I hear what you're saying, Searcher. But the organization is the WTF & not a close-knit organization like the USCDKA (my main organization). Frankly, if it were the USCDKA, I'd be small potatoes compared to who would be on this guy for teaching like that. 

But, since it's another WTF school, I'd rather encourage the parents to talk to him first. If they don't get anywhere, perhaps I will talk to Master X at some point. But, I'd rather be known as the guy who teaches TKD well in my town. Word will get out.


----------



## matt.m (Oct 9, 2006)

Ok, I talked to my pop about what he would do.  He teaches hapkido but I got a comprable answer to what I find you may find as a decent compromise.

I put it in kids class scenerio for him so he knew to use kid diplomacy, so his answer was this and I am seeing my GM using this same thought process I will explain in a moment.

Dad said, "Start at white belt, if you are doing well then we will accelerate promote you and not charge you the testing fee."

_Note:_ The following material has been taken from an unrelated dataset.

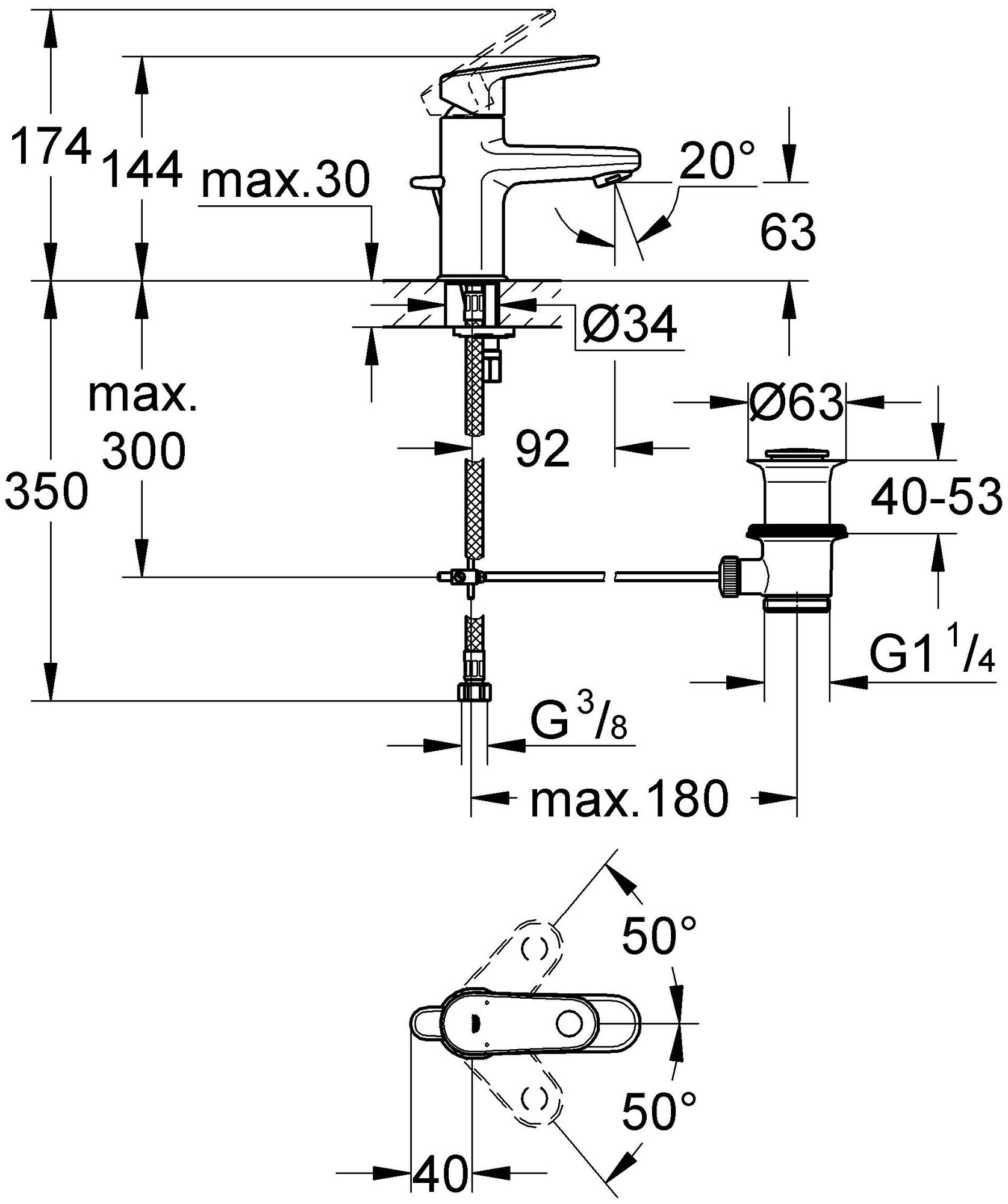 Смеситель однорычажный для раковины Grohe Europlus II 33156 гибкая подводка, монтаж на одно отверстие, уменьшенный вариант, металлический рычаг, керамический картридж 28 мм, поверхность GROHE StarLight®. Цвет: хром.

I have a member of my class that made red belt as a kid, I have known him a long time.  Same organization, no biggie.  However, he began again as a white belt and is accelerating testing.  He was fine with that.  The guy is now in his 30's like me, I know there is a big difference in maturity between 32 and 8.  However, if you explain to the parents in this manner they can soften the disappointment blow.


----------



## Dillon Hall (Oct 11, 2006)

I think that it is sad that anyone would grant a Black Belt to an 8 year old. I an a 3rd Dan in Soo Bahk Do Moo Duk Kwan and I know that at least with my art that an 8 year old could not achieve such a rank. They would have to wait to be a little older before that happened. 
As for what to do, are your two studios affiliated with the same organization? If they are, you may consider allowing him to test for a rank appropriate to his level in your school or have him start over as a white belt. It makes little difference but if he does not know his Hyung or anything, certainly do not have a black belt 8 year old.


----------



## matt.m (Oct 13, 2006)

Dillon Hall said:


> I think that it is sad that anyone would grant a Black Belt to an 8 year old. I an a 3rd Dan in Soo Bahk Do Moo Duk Kwan and I know that at least with my art that an 8 year old could not achieve such a rank. They would have to wait to be a little older before that happened.
> As for what to do, are your two studios affiliated with the same organization? If they are, you may consider allowing him to test for a rank appropriate to his level in your school or have him start over as a white belt. It makes little difference but if he does not know his Hyung or anything, certainly do not have a black belt 8 year old.


 
Dillion, I see your point.  However, to say who cares if he knows his hyung?  That my friend is a substantial part of the Tae kwon Do cirriculum.  It is a big deal if a practitioner knows their poomse, very much so indeed.


----------



## matt.m (Oct 13, 2006)

Iceman,

Has there been a resolution to your new student yet?  I know it has been a touchy subject.


----------



## exile (Oct 13, 2006)

matt.m said:


> Dillion, I see your point.  However, to say who cares if he knows his hyung?  That my friend is a substantial part of the Tae kwon Do cirriculum.  It is a big deal if a practitioner knows their poomse, very much so indeed.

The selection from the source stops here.